Bennett sat down. Singapore was an unexpected sort of place. He felt imprisoned now in the silence. Nothing moved. There was no sound but once, when a wasp as big as a bird bolted in heavily, blundered and hummed among the wooden rafters, and went again so straight and suddenly that Bennett thought something in the overhead shadows had flung it out. He began to feel bitter about that romance of the East. Sometimes it seemed lost in a brooding quiet, or else it stirred into episodic and irrelevant activity directed to God knew what. He put his sun helmet on the floor, wiped his brow, and regretted the childish folly which had sent him to look for what perhaps did not exist on earth. What did people mean by romance? What was it? How could it be found in ’rickshaws and rubber plantations? He could not get the hang of Singapore. Ships, temples to all the gods, cocoanuts, and men and women of so many different colors that they could not talk to one another. And who was that fellow who had just gone out? How did he come into the picture? It was a life which went on outside his own, and he could not follow it. Didn’t even know that fellow’s name. He might have been created among those trees just to let a Londoner know that the East, though it pretended never to observe him, yet wanted him to understand that he was making a fool of himself in a place not his. He might as well have some of that drink.

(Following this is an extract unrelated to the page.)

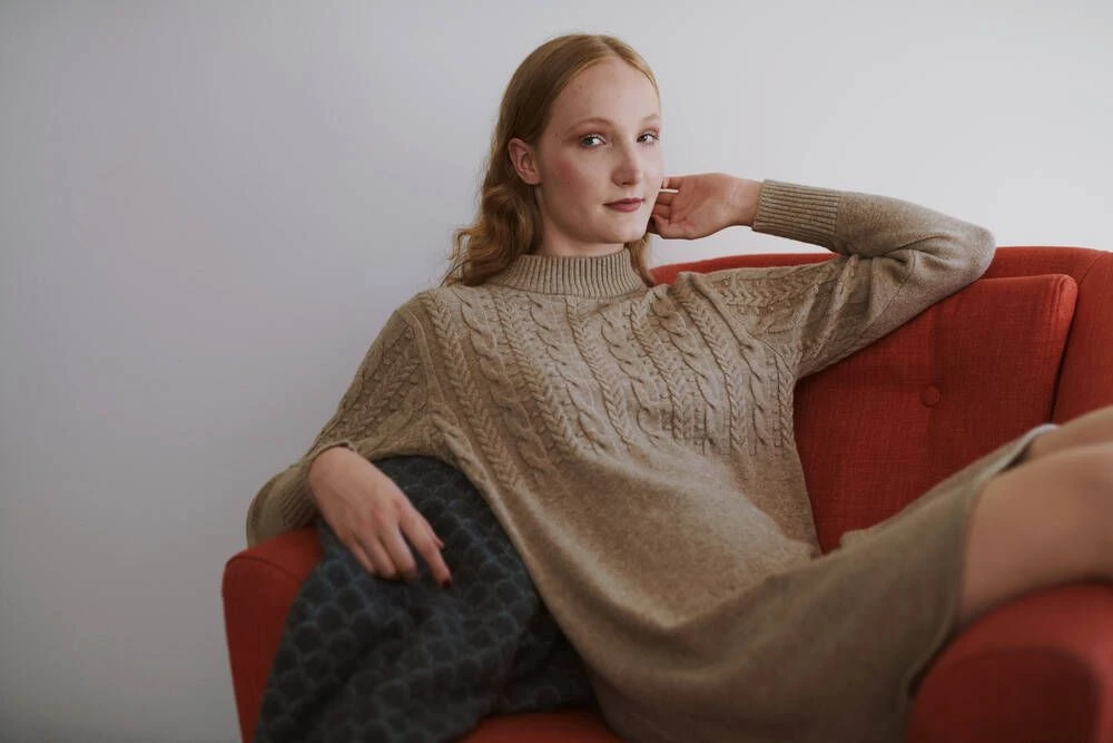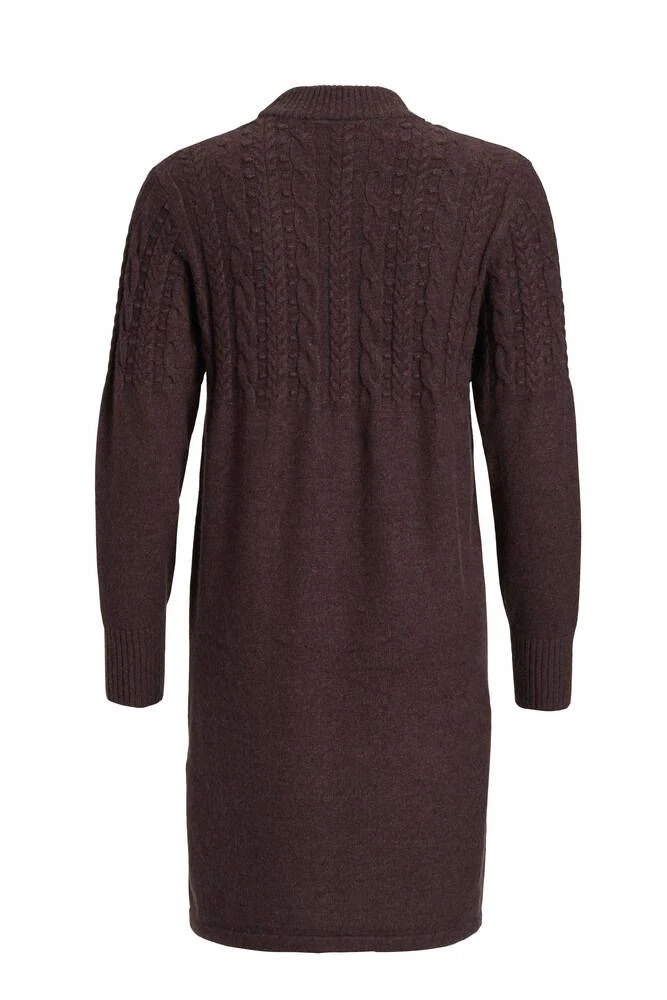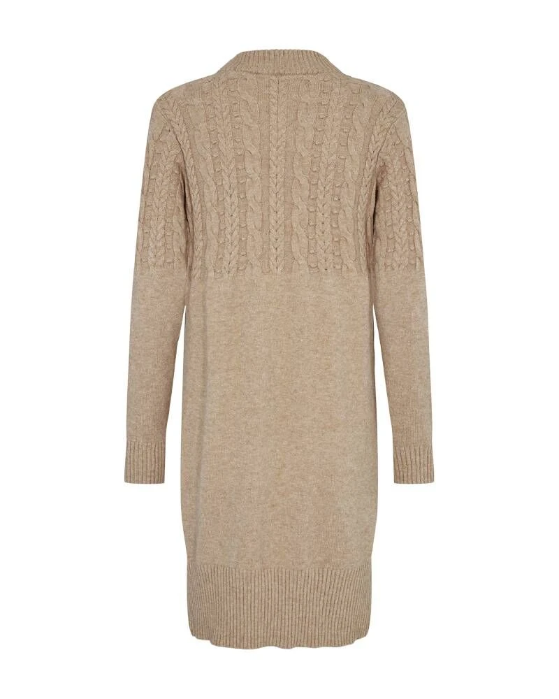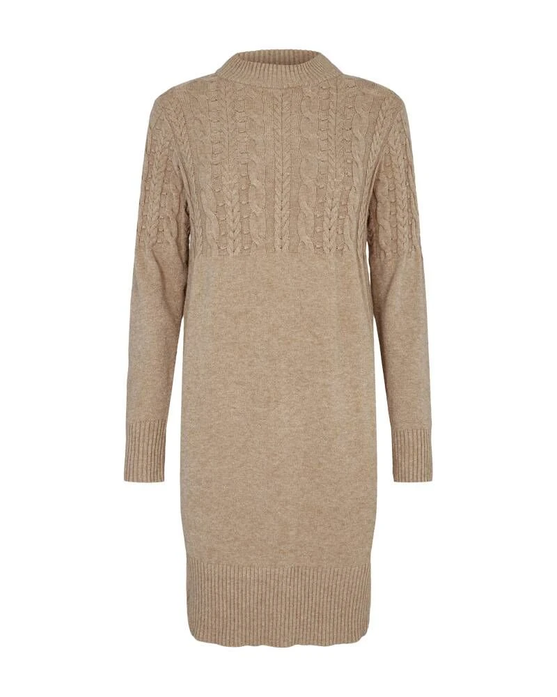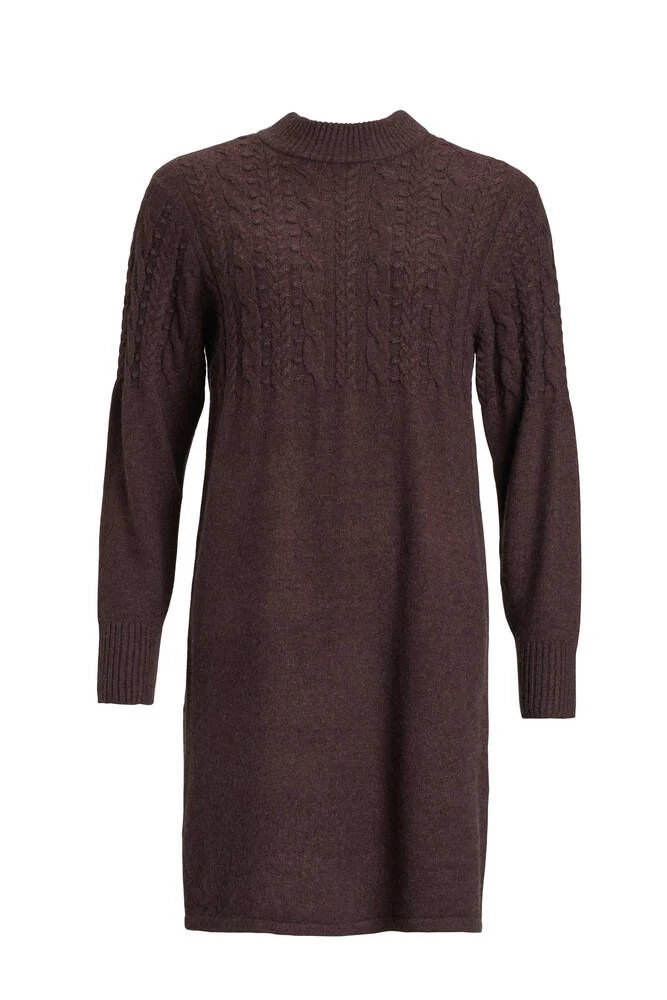Naisten miellyttävä neulemekko pitkillä hihoilla. Yläosa on koristeltu tyylikkäällä kuvioneuloksella.

The siphon made so immense a noise that he thought the invisible watchers must hear it and send another messenger to mock him politely. He began to drink gratefully.

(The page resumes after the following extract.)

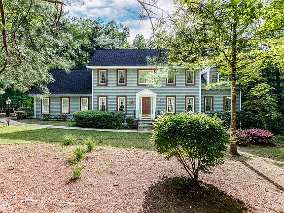 Absolutely charming home situated on over 1 beautiful level acres located in desirable Claremont subdivision in the heart of Flat Rock. Brand new roof and skylights! Main level living with plenty of room for guests on the upper level. Main level features wood floors, vaulted ceiling foyer, great room with stone gas fireplace ,vaulted ceiling and built-in bookcases, spacious kitchen with island, breakfast bar, pull-outs, built-in desk, breakfast area with vaulted ceiling, dining room w/ raised panel walls, living room, huge sunroom with slate like tile floors with access to open deck and grilling deck, master suite with walk-in closet, double vanity, walk-in shower and jet tub, laundry room and powder bath. The upper level boasts 3 guest rooms, full bath and bonus room. Generator and security system. Enjoy the outdoors on this park like setting with pathway leading to small stream or while relaxing on the private deck. Very convenient location!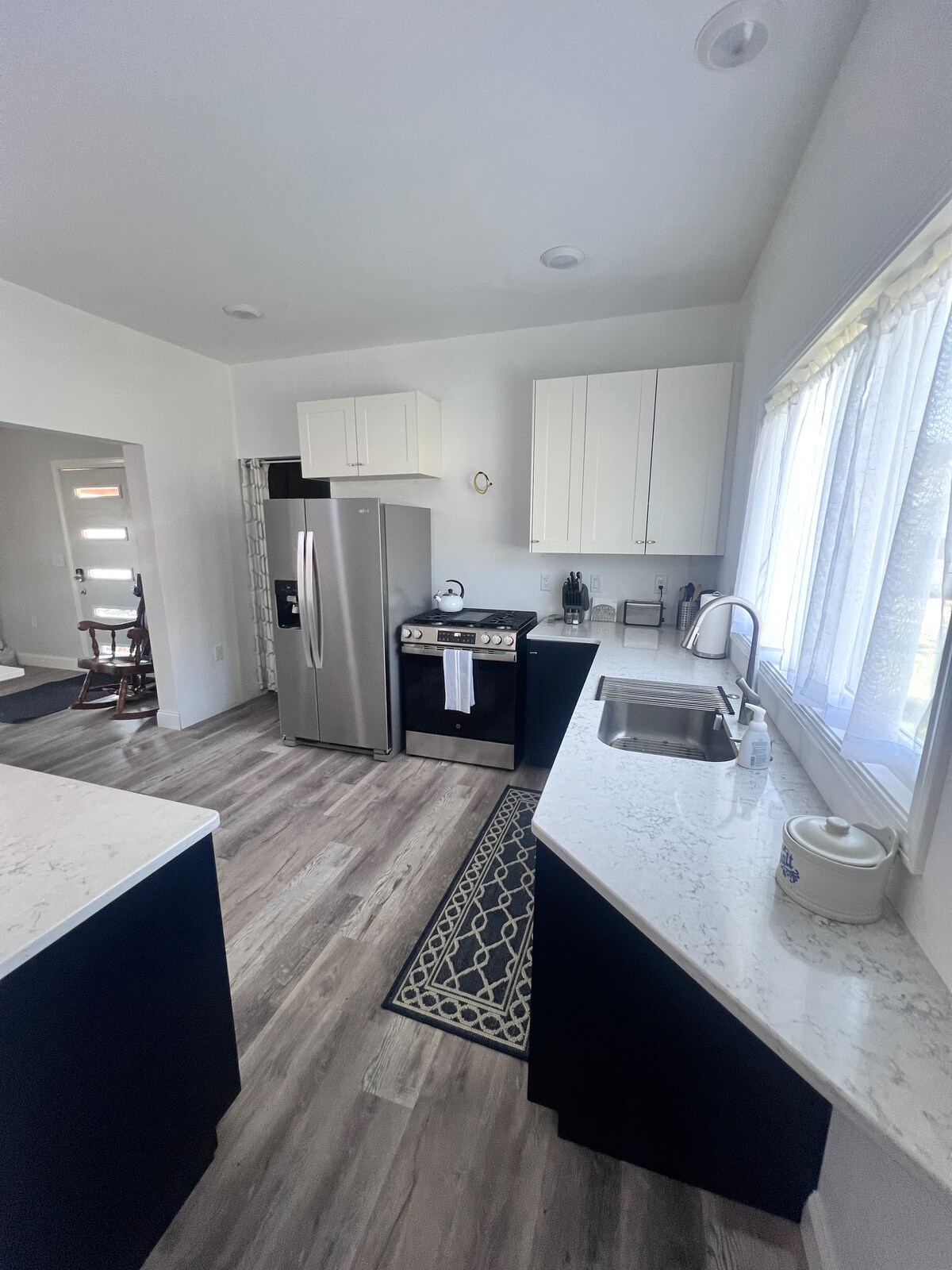 Newly remodeled! This Modern Farmhouse style home is a perfect place for a family or friends to stay. It offers 2 bedrooms, 1 bathroom with a tub/shower, a fully furnished kitchen, dining room and a large fenced in backyard. The bedrooms offer sleeping for 4 with 1 queen bed and 2 twin beds. The kitchen is fully stocked with cooking supplies and a Keurig coffee machine with several options for you to choose from. Full use of the home, fenced in back yard and a washer/dryer for your convenience.

“Mix me one,” grumbled a deep voice.

He almost dropped the glass, and looked round in a little panic. He could not see anybody. A lounge chair with its back to him stood by the veranda at the far end of the room. He went to it. An old man, with a mass of riotous white hair and a white beard stained brown about the lips, reclined there at full length. His eyes were shut. His open shirt showed gray hair on his ribs.

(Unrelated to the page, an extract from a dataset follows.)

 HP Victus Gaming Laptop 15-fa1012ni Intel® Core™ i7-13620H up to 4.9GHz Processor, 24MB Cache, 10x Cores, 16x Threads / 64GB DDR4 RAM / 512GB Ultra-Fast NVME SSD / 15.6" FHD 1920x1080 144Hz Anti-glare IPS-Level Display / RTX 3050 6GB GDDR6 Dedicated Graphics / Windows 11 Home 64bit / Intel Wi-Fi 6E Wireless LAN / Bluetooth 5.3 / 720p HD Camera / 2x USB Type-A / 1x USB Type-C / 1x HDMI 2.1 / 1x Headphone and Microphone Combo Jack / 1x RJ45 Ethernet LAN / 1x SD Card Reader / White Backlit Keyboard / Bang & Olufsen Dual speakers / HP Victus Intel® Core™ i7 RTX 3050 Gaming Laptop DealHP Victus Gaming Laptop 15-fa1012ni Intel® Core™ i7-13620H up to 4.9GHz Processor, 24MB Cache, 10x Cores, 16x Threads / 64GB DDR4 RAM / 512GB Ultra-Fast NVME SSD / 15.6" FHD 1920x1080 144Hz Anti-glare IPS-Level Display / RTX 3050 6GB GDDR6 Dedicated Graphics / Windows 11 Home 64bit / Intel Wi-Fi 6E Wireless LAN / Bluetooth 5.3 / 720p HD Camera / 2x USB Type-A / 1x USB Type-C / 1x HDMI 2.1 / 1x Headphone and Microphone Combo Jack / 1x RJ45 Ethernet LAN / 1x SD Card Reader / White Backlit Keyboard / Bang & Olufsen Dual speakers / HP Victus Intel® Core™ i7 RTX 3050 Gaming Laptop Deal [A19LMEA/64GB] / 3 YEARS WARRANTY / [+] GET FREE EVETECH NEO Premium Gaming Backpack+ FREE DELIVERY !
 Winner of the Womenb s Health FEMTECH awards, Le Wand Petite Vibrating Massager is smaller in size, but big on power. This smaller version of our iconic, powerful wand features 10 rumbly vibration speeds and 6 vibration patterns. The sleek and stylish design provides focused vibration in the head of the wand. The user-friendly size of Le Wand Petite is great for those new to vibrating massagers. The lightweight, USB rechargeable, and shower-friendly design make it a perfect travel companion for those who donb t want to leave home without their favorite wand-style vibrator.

“Did you speak?” asked Bennett.

“Of course,” said the man, without opening his eyes. “You heard me. I want a drink.”

Bennett brought it. The old man sat up sideways in his chair with surprising swiftness, opened his eyes at the glass in sullen criticism, and emptied it at once. He sat looking at the tumbler thoughtfully, while Bennett stood by, hoping that the car would arrive soon. Then the bearded figure looked up at him and surveyed him with dark disapproving eyes.

“Who are you?”

Bennett felt very modest. “Oh—nobody—just out from London. I found this estate by chance—got lost, you know. A good friend here, whose name I don’t know, has telephoned for a car.”

“Well, Mr. Nobody, sit down. No. Get me another drink. Put more whisky in it.”